Additional features of the present invention will become apparent from the following description and appended claims, taken in conjunction with the accompanying drawings.
The following discussion of the embodiments of the invention directed to a method for providing battery cell state of charge and voltage equalization during normal operation of a fuel cell system is merely exemplary in nature, and is in no way intended to limit the invention or it's applications or uses.
The fuel cell system 10 includes a power inverter module (PIM) 22 electrically coupled to the bus lines 16 and 18 and an AC or DC traction motor 24. The PIM 22 converts the DC voltage on the bus lines to an AC voltage suitable for the AC traction motor 24. The traction motor 24 provides the traction power to operate the vehicle, as is well understood in the art. The traction motor 24 can be any suitable motor for the purposes described herein, such as an AC induction motor, an AC permanent magnet motor and an AC three-phase synchronous machine. During regenerative braking when the traction motor 24 is operating as a generator, electrical AC power from the motor 24 is converted to DC power by the PIM 22, which is then applied to the bus lines 16 and 18 to recharge the battery 14. A blocking diode (not shown) prevents the regenerative electrical energy applied to the bus lines 16 and 18 from flowing into the fuel cell stack 12, which could otherwise damage the stack 12.

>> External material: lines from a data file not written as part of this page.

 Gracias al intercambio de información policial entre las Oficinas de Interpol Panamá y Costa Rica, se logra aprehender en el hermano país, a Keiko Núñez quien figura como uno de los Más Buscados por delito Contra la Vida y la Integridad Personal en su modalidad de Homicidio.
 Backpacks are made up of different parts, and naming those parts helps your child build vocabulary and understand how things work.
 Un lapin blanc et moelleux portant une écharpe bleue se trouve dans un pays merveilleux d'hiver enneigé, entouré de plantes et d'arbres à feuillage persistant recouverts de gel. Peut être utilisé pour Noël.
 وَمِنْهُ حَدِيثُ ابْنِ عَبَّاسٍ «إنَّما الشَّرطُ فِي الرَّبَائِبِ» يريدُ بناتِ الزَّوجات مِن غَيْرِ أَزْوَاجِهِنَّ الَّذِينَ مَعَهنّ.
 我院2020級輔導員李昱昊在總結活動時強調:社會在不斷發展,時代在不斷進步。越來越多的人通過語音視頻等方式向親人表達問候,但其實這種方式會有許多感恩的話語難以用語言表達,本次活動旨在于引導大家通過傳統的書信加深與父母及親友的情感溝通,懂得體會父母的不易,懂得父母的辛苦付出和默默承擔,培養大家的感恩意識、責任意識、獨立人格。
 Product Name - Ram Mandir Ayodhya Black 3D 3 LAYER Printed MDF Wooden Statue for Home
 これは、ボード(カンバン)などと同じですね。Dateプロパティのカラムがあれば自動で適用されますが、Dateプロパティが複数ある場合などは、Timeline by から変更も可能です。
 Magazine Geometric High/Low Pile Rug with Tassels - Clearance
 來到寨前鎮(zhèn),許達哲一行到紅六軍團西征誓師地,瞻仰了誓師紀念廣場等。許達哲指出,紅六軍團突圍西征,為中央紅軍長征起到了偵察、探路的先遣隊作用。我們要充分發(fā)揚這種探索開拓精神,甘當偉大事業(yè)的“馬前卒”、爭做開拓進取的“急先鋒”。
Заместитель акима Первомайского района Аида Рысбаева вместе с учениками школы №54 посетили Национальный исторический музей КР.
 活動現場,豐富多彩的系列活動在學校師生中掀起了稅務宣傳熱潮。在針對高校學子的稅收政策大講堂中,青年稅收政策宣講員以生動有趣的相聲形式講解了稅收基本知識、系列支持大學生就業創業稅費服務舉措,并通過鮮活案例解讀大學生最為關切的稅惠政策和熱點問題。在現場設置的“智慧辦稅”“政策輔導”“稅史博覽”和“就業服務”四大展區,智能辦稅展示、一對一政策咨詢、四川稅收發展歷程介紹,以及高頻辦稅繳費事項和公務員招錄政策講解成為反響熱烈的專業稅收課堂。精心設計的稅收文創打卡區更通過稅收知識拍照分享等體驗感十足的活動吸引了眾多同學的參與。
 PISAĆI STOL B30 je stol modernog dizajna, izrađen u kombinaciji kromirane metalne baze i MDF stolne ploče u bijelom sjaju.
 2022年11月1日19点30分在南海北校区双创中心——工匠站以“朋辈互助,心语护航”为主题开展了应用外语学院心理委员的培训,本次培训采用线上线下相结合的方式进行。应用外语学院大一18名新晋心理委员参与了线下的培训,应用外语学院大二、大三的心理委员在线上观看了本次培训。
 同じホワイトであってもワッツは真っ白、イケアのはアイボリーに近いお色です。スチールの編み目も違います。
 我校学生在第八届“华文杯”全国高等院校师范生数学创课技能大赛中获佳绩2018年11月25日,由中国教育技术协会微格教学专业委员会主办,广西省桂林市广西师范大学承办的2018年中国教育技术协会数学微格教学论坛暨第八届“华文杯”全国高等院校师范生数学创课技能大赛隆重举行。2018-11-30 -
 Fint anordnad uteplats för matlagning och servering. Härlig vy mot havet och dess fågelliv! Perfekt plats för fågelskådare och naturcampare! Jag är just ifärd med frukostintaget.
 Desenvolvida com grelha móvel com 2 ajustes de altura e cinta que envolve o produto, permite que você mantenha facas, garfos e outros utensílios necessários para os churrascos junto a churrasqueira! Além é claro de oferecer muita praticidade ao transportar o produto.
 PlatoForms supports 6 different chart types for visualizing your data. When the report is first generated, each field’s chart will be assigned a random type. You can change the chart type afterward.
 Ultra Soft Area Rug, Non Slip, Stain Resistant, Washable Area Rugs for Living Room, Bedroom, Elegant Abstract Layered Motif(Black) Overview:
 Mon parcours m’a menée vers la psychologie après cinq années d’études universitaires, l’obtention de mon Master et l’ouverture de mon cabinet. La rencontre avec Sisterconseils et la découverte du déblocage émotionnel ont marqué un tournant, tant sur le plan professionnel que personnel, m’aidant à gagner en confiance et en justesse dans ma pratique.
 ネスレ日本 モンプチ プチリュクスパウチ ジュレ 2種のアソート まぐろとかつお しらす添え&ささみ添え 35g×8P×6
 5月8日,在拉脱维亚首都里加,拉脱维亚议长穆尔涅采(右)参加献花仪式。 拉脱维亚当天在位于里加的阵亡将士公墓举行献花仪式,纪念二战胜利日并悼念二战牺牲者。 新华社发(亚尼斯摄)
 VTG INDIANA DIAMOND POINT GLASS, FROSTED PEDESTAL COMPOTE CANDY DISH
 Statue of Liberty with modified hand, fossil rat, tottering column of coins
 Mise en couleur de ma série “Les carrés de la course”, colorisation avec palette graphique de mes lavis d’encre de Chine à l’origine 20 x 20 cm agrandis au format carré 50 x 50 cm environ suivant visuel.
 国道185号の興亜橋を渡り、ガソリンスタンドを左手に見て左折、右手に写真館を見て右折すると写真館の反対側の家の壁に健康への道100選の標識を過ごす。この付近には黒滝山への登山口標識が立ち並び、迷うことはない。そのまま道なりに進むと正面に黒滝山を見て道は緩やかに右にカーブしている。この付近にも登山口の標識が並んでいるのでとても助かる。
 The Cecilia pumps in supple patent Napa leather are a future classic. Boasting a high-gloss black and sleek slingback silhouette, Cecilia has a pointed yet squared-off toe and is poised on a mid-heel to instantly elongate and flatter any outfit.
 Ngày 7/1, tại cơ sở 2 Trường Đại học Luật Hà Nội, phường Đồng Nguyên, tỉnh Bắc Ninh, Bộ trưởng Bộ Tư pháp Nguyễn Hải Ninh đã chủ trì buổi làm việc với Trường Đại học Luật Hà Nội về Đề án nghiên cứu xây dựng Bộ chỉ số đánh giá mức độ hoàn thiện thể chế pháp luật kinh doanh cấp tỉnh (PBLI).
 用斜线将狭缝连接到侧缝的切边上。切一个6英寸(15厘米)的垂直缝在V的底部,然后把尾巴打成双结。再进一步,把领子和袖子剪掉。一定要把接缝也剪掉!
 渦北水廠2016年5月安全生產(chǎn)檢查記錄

It is known to maintain the output power of the stack 12 within a desirable voltage range for as long as possible in order to increase fuel cell stack durability in a hybrid fuel cell system. For example, it is desirable to maintain a cell voltage for each fuel cell in the stack 12 in the range of 0.725-0.85 volts. As the load on the fuel cell stack 12 goes up, the cell voltage goes down, and vice versa. It is desirable to prevent each cell voltage from going above 0.85 volts, which would be a very low stack load. Further, if the cell voltage falls below 0.725 volts for high loads, it is desirable to maintain the cell voltages in the high load range as long as possible for stack durability purposes. Also, it is desirable that the battery state of charge (SOC) does not go above its maximum charge limit or below its minimum charge limit.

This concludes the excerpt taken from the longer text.